I am experiencing some problems running programs compiled in a container built from an NGC CUDA image:
$ srun singularity pull docker://nvcr.io/nvidia/cuda:11.1-cudnn8-devel-ubuntu18.04
I am running my attempts to compile and run software through a Slurm queue on a DGX-2 system.
I have downloaded the CUDA Toolkit code samples which I keep in ‘~/NVIDIA_CUDA-11.1_Samples’.
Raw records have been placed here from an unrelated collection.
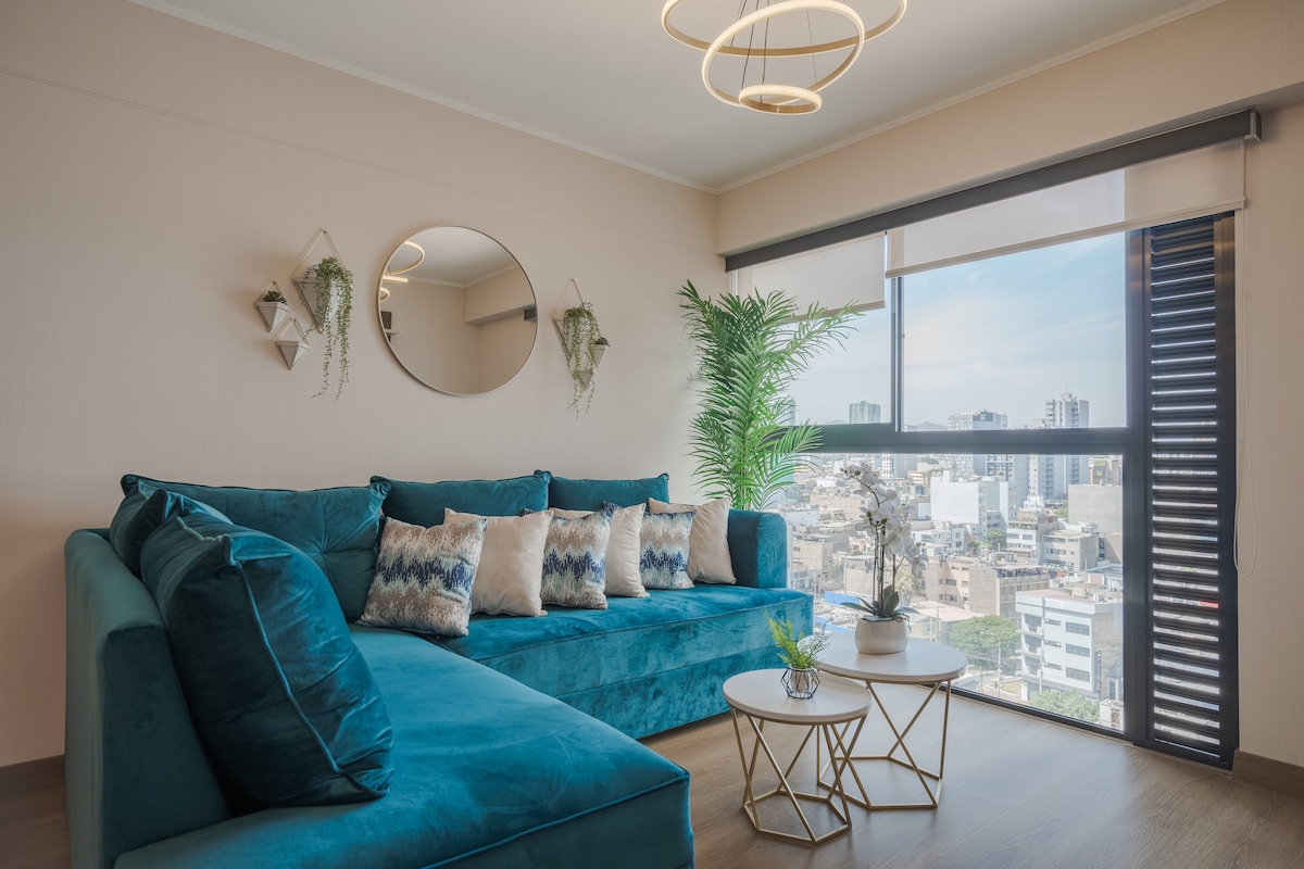 Beautiful apartment on Av. Salaverry near San Isidro, Real Plaza, universities, clinics, and embassies. Easy access to Historic Center, Campo de Marte, Magic Water Park, National Stadium, and Miraflores. Includes living-dining room, guest bathroom, kitchen, bedroom with en-suite, laundry, and balcony. Fully equipped, WiFi (400 Mbps), Smart TV in living and bedroom. Gym and pool in the building. Perfect for work or vacation, as a couple or family—you’ll feel at home.
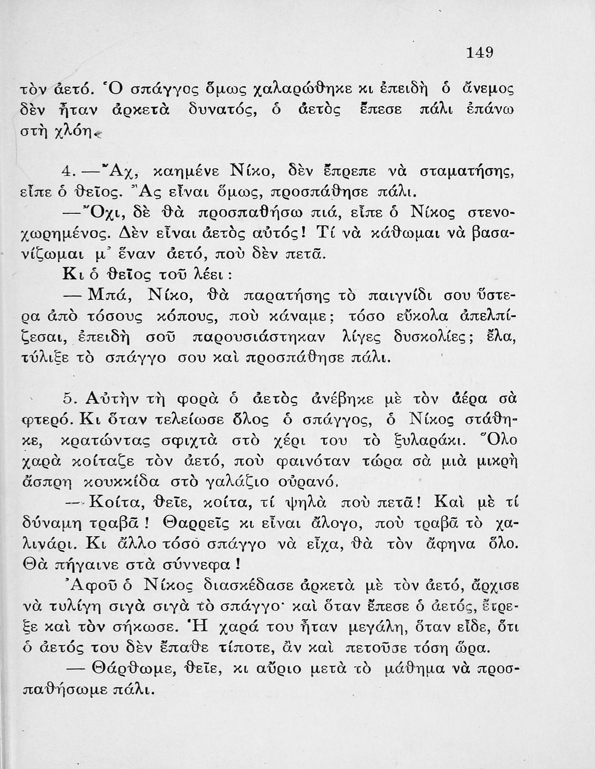 Αναγνωστικό Δ΄ Δημοτικού που περιλαμβάνει θέματα από την θρησκευτική, οικογενειακή και σχολική ζωή του παιδιού, την ελληνική μυθολογία και ιστορία και τη ζωή των ζώων.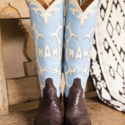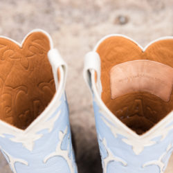 And Ian didn’t just stop at getting her a generic pair of Miron Crosbys. He selected boots from Miron Crosby’s custom program and called on his mother and sister to select the leather colors, stitch colors, and font.

I pick some random code sample: ‘~/NVIDIA_CUDA-11.1_Samples/0_Simple/matrixMul/’ and compile that in my container:
$ srun --gres=gpu:1 singularity exec --nv cuda_11.1-cudnn8-devel-ubuntu18.04.sif make
The build succeeds and I now have the executable matrixMul
. Now I try to execute matrixMul
in my container:
$ srun --gres=gpu:1 singularity exec --nv ~/image-build/cuda_11.1/cuda_11.1-cudnn8-devel-ubuntu18.04.sif ./matrixMul
slurmstepd: task_p_pre_launch: Using sched_affinity for tasks
[Matrix Multiply Using CUDA] - Starting...
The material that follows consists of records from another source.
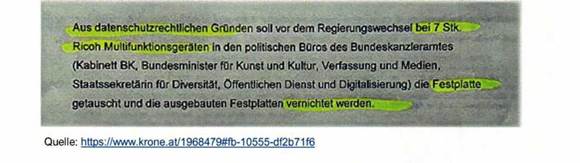 Demnach sollen die sieben Festplatten aus datenschutzrechtlichen Gründen um einen Betrag von knapp 2.100 € geschreddert worden sein. Sie sollen aus den Regierungsbüros von ex-Bundeskanzler Christian Kern, ex-SPÖ-Wahlkampfmanager und ex-Bundesminister Thomas Drozda sowie ex-Staatssekretärin Muna Duzdar stammen.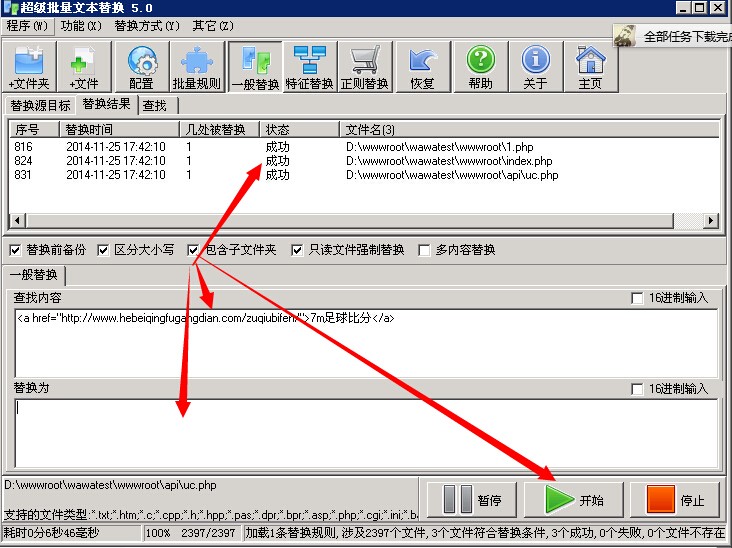 点击开始即可执行替换,以下是替换成功与否的结果。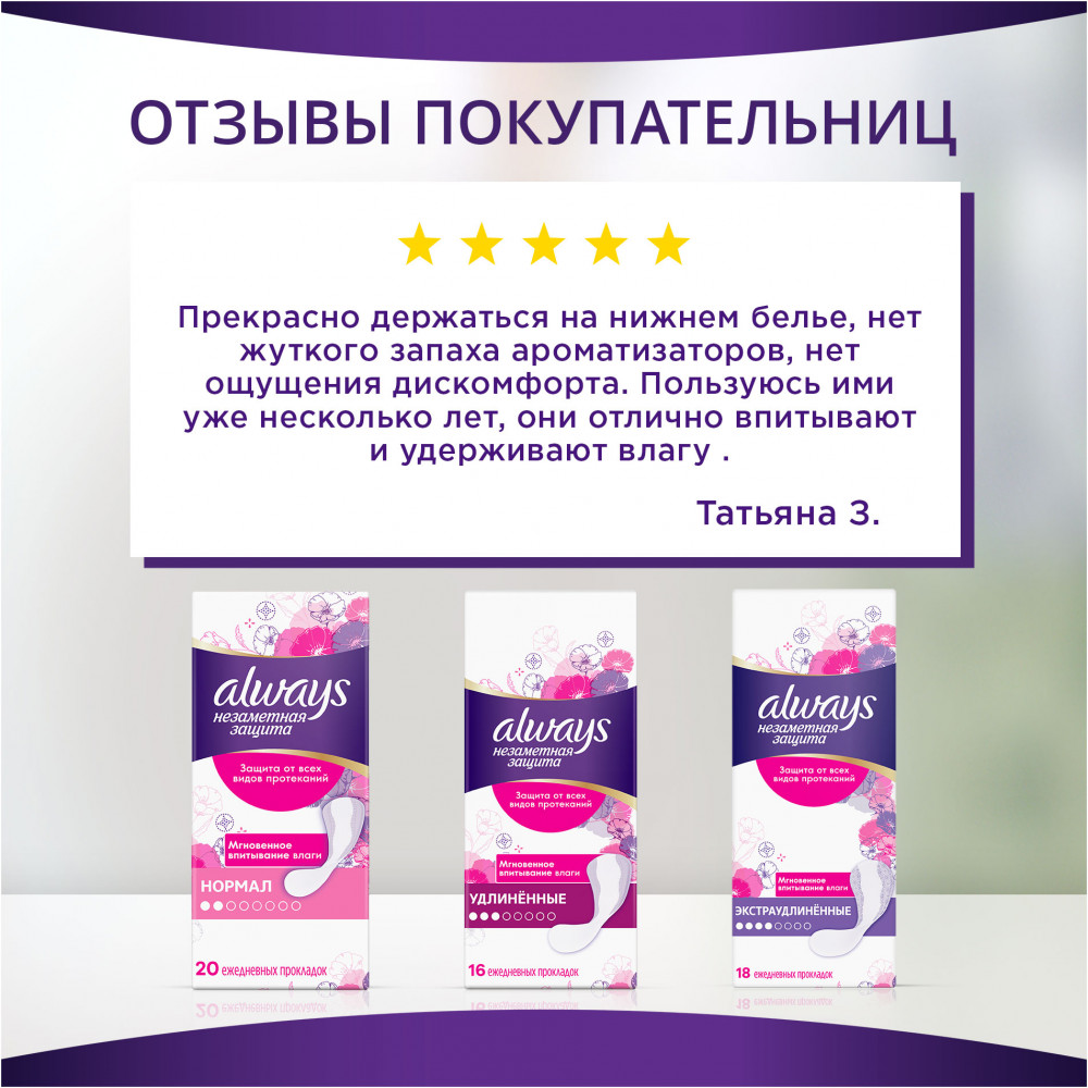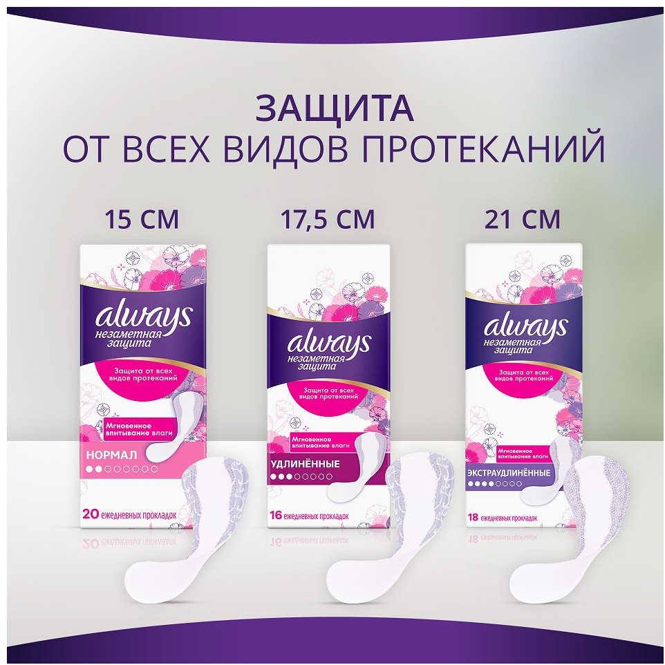 Always Прокладки ежедневные удлинённые, 16 шт.

CUDA error at ../../common/inc/helper_cuda.h:779 code=3(cudaErrorInitializationError) "cudaGetDeviceCount(&device_count)"
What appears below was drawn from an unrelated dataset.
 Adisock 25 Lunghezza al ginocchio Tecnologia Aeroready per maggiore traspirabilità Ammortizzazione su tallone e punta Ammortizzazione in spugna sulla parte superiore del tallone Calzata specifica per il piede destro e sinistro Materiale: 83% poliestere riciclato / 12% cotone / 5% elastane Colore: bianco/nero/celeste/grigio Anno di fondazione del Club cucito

srun: error: nv-ai-01.srv.aau.dk: task 0: Exited with exit code 1
It fails and the error message could indicate that it cannot see any available GPUs. If I try to probe a bit more around with nvidia-smi
, I do seem to have a GPU available in the container:
$ srun --gres=gpu:1 singularity exec --nv ~/image-build/cuda_11.1/cuda_11.1-cudnn8-devel-ubuntu18.04.sif nvidia-smi
slurmstepd: task_p_pre_launch: Using sched_affinity for tasks
Mon Oct 19 23:26:07 2020
+-----------------------------------------------------------------------------+
| NVIDIA-SMI 418.116.00 Driver Version: 418.116.00 CUDA Version: 10.1 |
|-------------------------------+----------------------+----------------------+
| GPU Name Persistence-M| Bus-Id Disp.A | Volatile Uncorr. ECC |
| Fan Temp Perf Pwr:Usage/Cap| Memory-Usage | GPU-Util Compute M. |
|===============================+======================+======================|
| 0 Tesla V100-SXM3... On | 00000000:BE:00.0 Off | 0 |
| N/A 39C P0 51W / 350W | 0MiB / 32480MiB | 0% Default |
+-------------------------------+----------------------+----------------------+
+-----------------------------------------------------------------------------+
| Processes: GPU Memory |
| GPU PID Type Process name Usage |
|=============================================================================|
| No running processes found |
+-----------------------------------------------------------------------------+
I get suspicious here because nvidia-smi
says CUDA is version 10.1, but I am running it inside a container which I expect to provide CUDA 11.1.
I expect the cuda:11.1-cudnn8-devel-ubuntu18.04
container to provide me with the necessary drivers and CUDA toolkit to compile and run CUDA applications. Compiling seems to work fine, but running - not so much…
What could be wrong here?